At a time when it can feel like STEM subjects are the sole future of higher education, the University of Warwick is set to receive several scholarship fundings for arts and humanities doctoral studies. 

The University is one of 50 across the UK to receive Doctoral Landscape Awards from the Arts and Humanities Research Council (AHRC), who have sponsored these awards in the hopes of further enabling successful and collaborative relationships amid doctoral students.  

AHRC Executive Chair Professor Christopher Smith stated: “[The awards] will support the development of talented people and, alongside our other doctoral schemes, contribute to a vibrant, diverse and internationally attractive research and innovation system.” 

In 2023, the AHRC outlined a new approach to funding, noting the rising costs needed to support doctoral study. It focused on implementing a “flexible funding” scheme, in which finances are distributed to fit a university’s needs and strategies, with the intention of creating “new opportunities for innovation in research career development and routes to impact”, as per the UK Research and Innovation organisation.  

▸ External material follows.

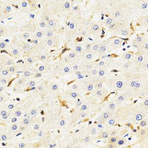 IHC检测TMS1/ASC蛋白(货号 GB115270). 样品: 人肝, 4%多聚甲醛 (货号G1101) 固定12-24小时. 抗原修复: 柠檬酸抗原修复液(干粉, pH 6.0) (G1201), 98℃, 20分钟. —抗: 1: 1800稀释, 4℃ 孵育过夜. 二抗: HRP标记山羊抗兔IgG (H+L) (货号GB23303), 1: 200稀释, 室温孵育1小时. |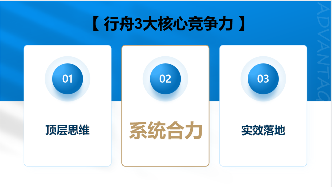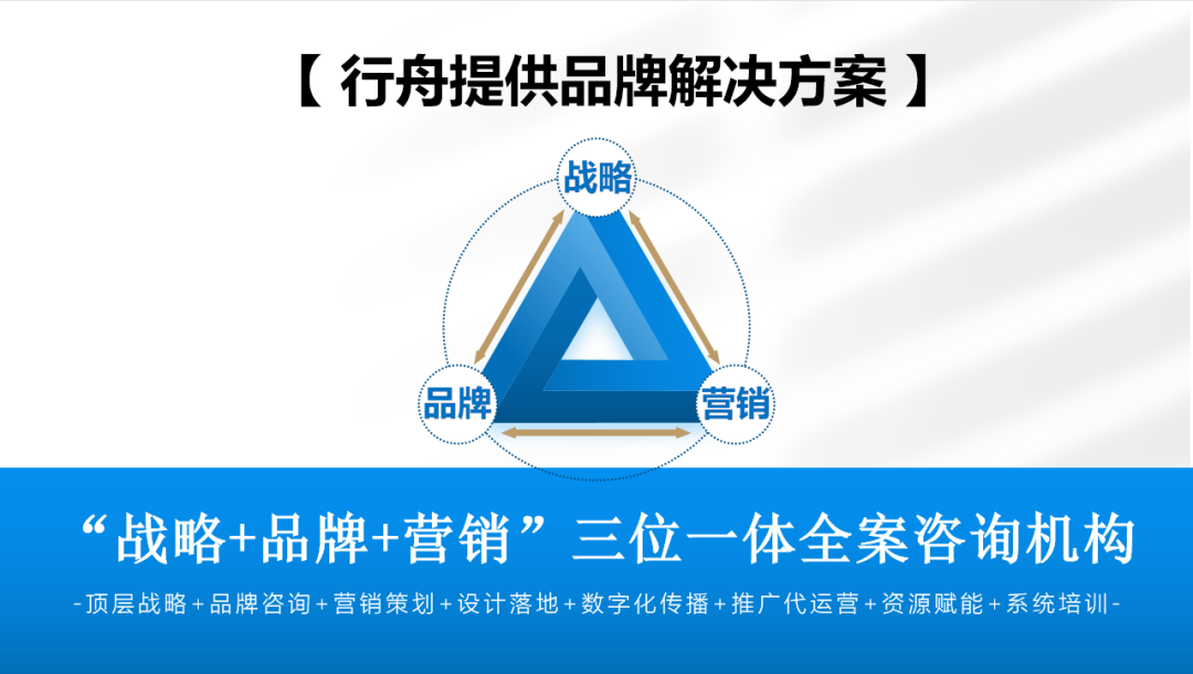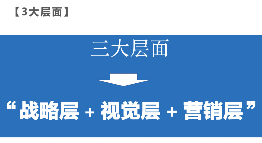 我们行舟把它概括为战略层,视觉层和营销层。如果再展开一点的话,战略层又分成三个层面:有顶层战略,品牌战略,还有产品战略,这三个层面我们统称为战略层。视觉层,视觉里面有什么呢?有超级性的视觉,还有核心视觉。核心视觉,我们常规看到的,一个品牌标志logo,还有它的VI等等。超级视觉就不太一样啊,类似超级符号,超级IP,超级色彩等等。超级视觉在同行中能够形成较大差异化,更能够被客户发现,形成突破。第三个层面是营销层,又可以把它分为两类:一类是整个营销的这个创意和推广方向,我们以这个为导向,形成品牌背书势能,品牌创意;还有一块,就是能够让客户全方位进行营销落地触点接触,因为营销一定是在全面性上形成触点化,才能够更好地让客户感知到。创意,背书势能被感知,但是还需要让客户无处不在地被感知,这就是营销触点。其实3大层面,总结就是战略层,视觉层和营销层,形成七个维度:顶层战略,品牌战略,产品战略,核心视觉,超级视觉,营销推广以及触点落地。

It is testament to the excellence of research in the Faculty of Arts

Professor David Lambert

To employ this new form of funding, several “hub” institutions will be directly designated money from the AHRC, with it then being their responsibility to ensure that adjacent universities receive the support needed, and to be responsive to potential changes in those needs. These hubs are then to be re-evaluated every five years, to ensure that funding is continually centred in the best possible location. 

Warwick has been chosen to be the Midlands hub, thusly dictating funds for Birmingham, Leicester, Nottingham and several other universities. When asked on why Warwick was chosen, Professor David Lambert (Director of the Centre for Arts Doctoral Research Excellence) said it was “testament to the excellence of research in the Faculty of Arts and to our capacity to continue to attract and train the best postgraduate researchers”. 

Warwick had previously been a part of the Midlands 4 Cities program, a doctoral scholarship scheme that will now close down after awarding its final batch of funding in the coming months. 

Whether this new form of doctoral support will be better for prospective students is currently indeterminable. The new flexible funding may be conducive to a less competitive application process, but at the cost of a smaller amount of direct financial aid to students, as universities attempt to accrue as many promising students as possible.